Disability, Medical, and Special Education Acronym List

For the parent learning to live in the disability world with less stress

Managing care for your child can come with learning a new language at times. There are many new terms to learn about symptoms, medications, school, finances, and even biology and genetics. It can make even the most well-versed parents feel lost, especially when hearing new acronyms! Let’s ease some of that stress by jotting them all down:

: Augmented and Alternative Communication–Using tools or devices to help with communication, like picture boards or speech apps.

ABA: Applied Behavior Analysis–A therapeutic approach focused on understanding and changing behavior using rewards and consequences.

ABLE: Achieving a Better Life Experience–Tax-advantaged savings accounts for individuals with disabilities and their families.

ACA: Affordable Care Act–A law that expanded Medicaid eligibility and established health insurance marketplaces.

AEDY: Alternative Education for Disruptive Youth–Educational options for students who struggle in traditional schools.

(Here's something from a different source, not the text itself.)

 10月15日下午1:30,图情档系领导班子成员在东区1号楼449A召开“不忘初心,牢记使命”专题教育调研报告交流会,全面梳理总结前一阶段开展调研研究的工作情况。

APS: Approved Private School–A school that meets specific standards set by the government.

AT: Assistive Technology–Any tools or devices that help a child perform tasks, like AAC devices, mobility equipment (wheelchairs), or prosthetic limbs.

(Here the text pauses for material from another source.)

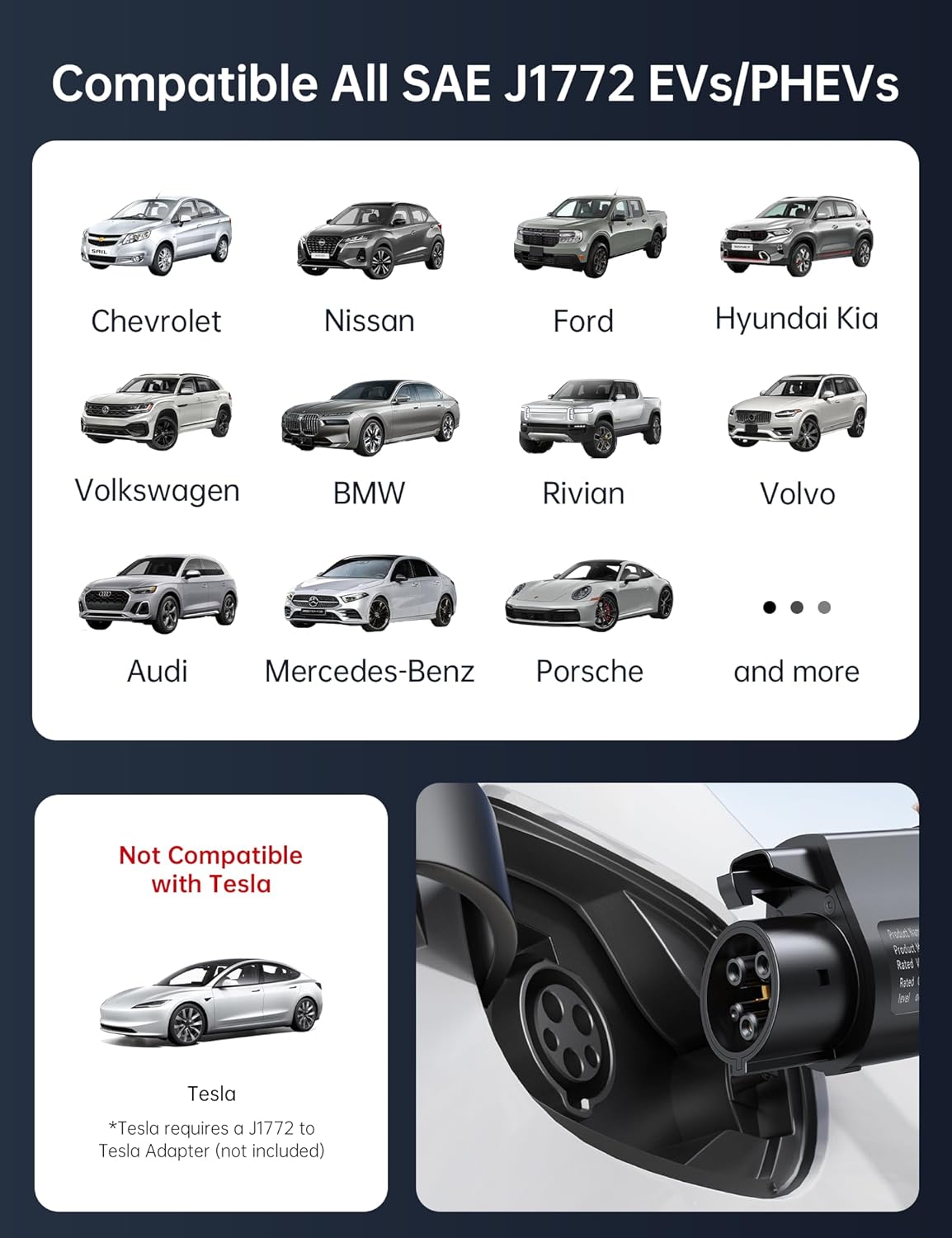 - [Universal Compatibility] With our charger, you can power up multiple vehicles, whether it's your car, your friends', or your family members'. Compatible with all electric vehicles and plug-in hybrids using the SAE J1772 connector, including GM, Nissan, Audi, Kia, Honda, BMW, Hyundai, and more. For Tesla vehicles, just use a J1772 to Tesla adapter (sold separately). Perfect for home, travel, or when hosting guests, ensuring everyone's EV is always ready to go!

AU/ASD: Autism/Autism Spectrum Disorder–A developmental disorder characterized by challenges with social interaction, communication, and repetitive behaviors. 

BASC: Behavior Assessment System for Children–A tool for understanding behavior.

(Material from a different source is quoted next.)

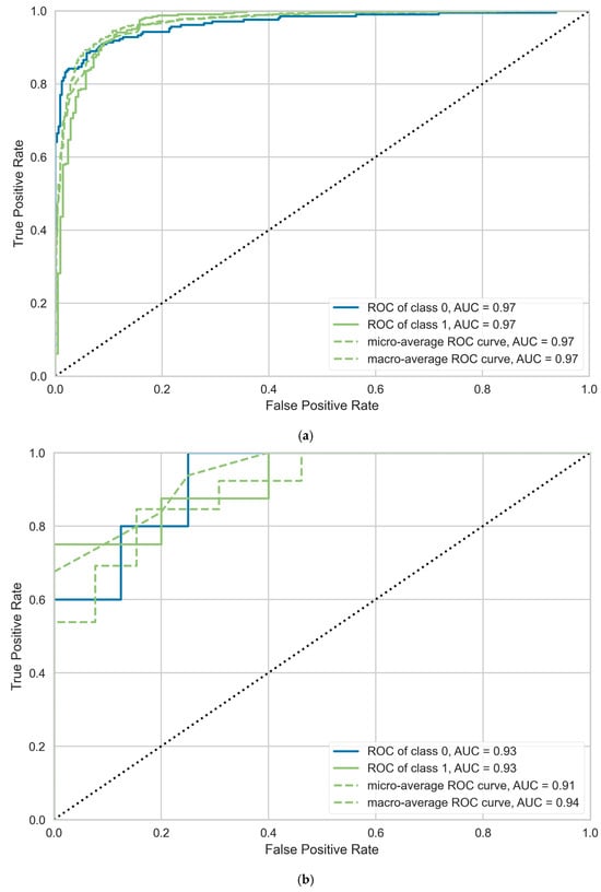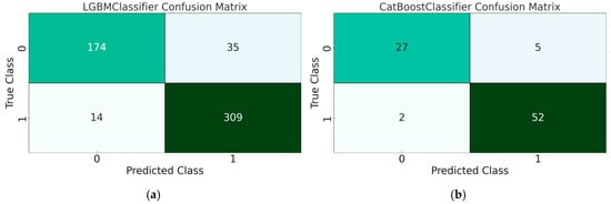 The performance of the LightGBM and CatBoost models was thoroughly evaluated to assess their prediction accuracy and provide insights for future research applications. The evaluation employed several visualization tools, including AUC plots, confusion matrices, and classification report heatmaps. Figure 5 illustrates the AUC curves for both domestic and international students, where the classes are numbered 0 and 1.
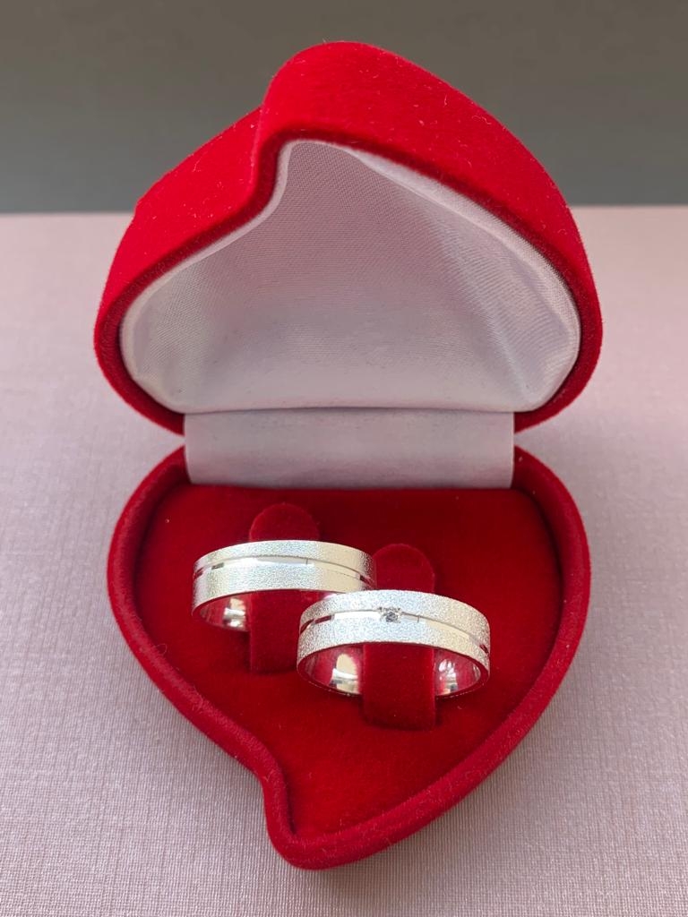 Par de aliança de prata reta anatômica com acabamento diamantado e friso 5mm

BCBA: Board Certified Behavior Analyst–A professional who is trained to assess and treat behavior issues.

BIP/PSP: Behavior Improvement Plan/Positive Support Plan–A plan to help improve behavior by focusing on positive strategies.

CBI: Community-Based Instruction–Learning activities that happen outside of the classroom, in the community.

CD-PAP: Consumer Directed Personal Assistance Program–A Medicaid program that allows individuals to hire and manage their own caregivers, including family members or friends, for personal assistance services.

CHIP: Children’s Health Insurance Program–Provides health coverage to children in families with incomes too high for Medicaid but can’t afford private insurance.

CMS: Centers for Medicare & Medicaid Services–The federal agency that administers Medicaid and Medicare.

CMSO: Coordination of Benefits Maintenance Organization–An organization that helps coordinate healthcare benefits between different insurance plans for Medicaid beneficiaries.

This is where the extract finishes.